=== What the task requires ===
Restate all of the following data exactly, keeping any images out of the copy.

=== Given data ===
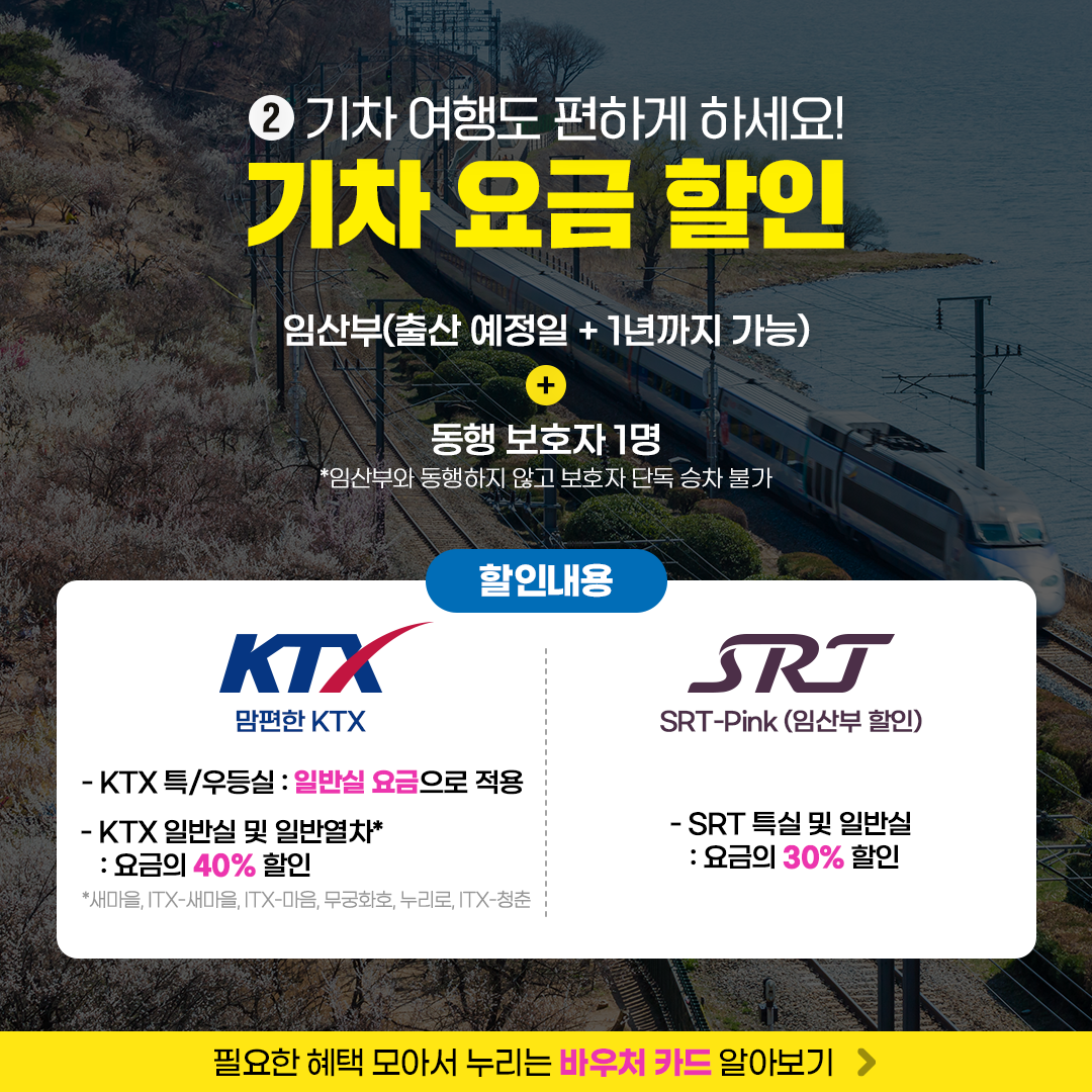 - 맘편한 KTX, SRT 할인: 기차 요금 할인을 통해 편리하게 이동할 수 있습니다.
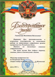 Сегодня в адрес директора СЛИ профессора Валентины Жиделевой пришло Благодарственное письмо из Министерства внутренних дел по Республике Коми. В нем выражается признательность и искренняя благодарность за совместную работу по аттестации сотрудников, в которой Валентина Васильевна принимает участие в течение полутора месяцев, начиная с июня текущего года. В состав аттестационной комиссии она вошла как член Общественного совета при региональной силовой структуре.
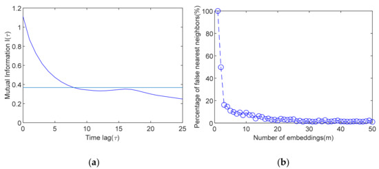 In the computation on delay time by the average mutual information function, the tendency of the correlation function with the delay time is indicated in Figure 6a. As the literature [16] pointed out, the minimum value of function I() indicates the maximum uncorrelated possibility of x(n) and x(n + ). The first minimum value of I() is chosen as the optimal delay time during phase space reconstruction. However, in practice, There may be not a local minimum in I(), but a monotonic decreasing function. Therefore, the selection of the parameter needs to be formulated in combination with another standard. In this solution, the value of which is lower than the value 1/e in the AMI function, is selected as the optimal delay time. Under this condition, the optimal delay time is obtained as 8 in the time series of spatial modal amplitude |a1| according to the average mutual information function in this research.

=== Problem solution ===
 - 맘편한 KTX, SRT 할인: 기차 요금 할인을 통해 편리하게 이동할 수 있습니다.
 Сегодня в адрес директора СЛИ профессора Валентины Жиделевой пришло Благодарственное письмо из Министерства внутренних дел по Республике Коми. В нем выражается признательность и искренняя благодарность за совместную работу по аттестации сотрудников, в которой Валентина Васильевна принимает участие в течение полутора месяцев, начиная с июня текущего года. В состав аттестационной комиссии она вошла как член Общественного совета при региональной силовой структуре.
 In the computation on delay time by the average mutual information function, the tendency of the correlation function with the delay time is indicated in Figure 6a. As the literature [16] pointed out, the minimum value of function I() indicates the maximum uncorrelated possibility of x(n) and x(n + ). The first minimum value of I() is chosen as the optimal delay time during phase space reconstruction. However, in practice, There may be not a local minimum in I(), but a monotonic decreasing function. Therefore, the selection of the parameter needs to be formulated in combination with another standard. In this solution, the value of which is lower than the value 1/e in the AMI function, is selected as the optimal delay time. Under this condition, the optimal delay time is obtained as 8 in the time series of spatial modal amplitude |a1| according to the average mutual information function in this research.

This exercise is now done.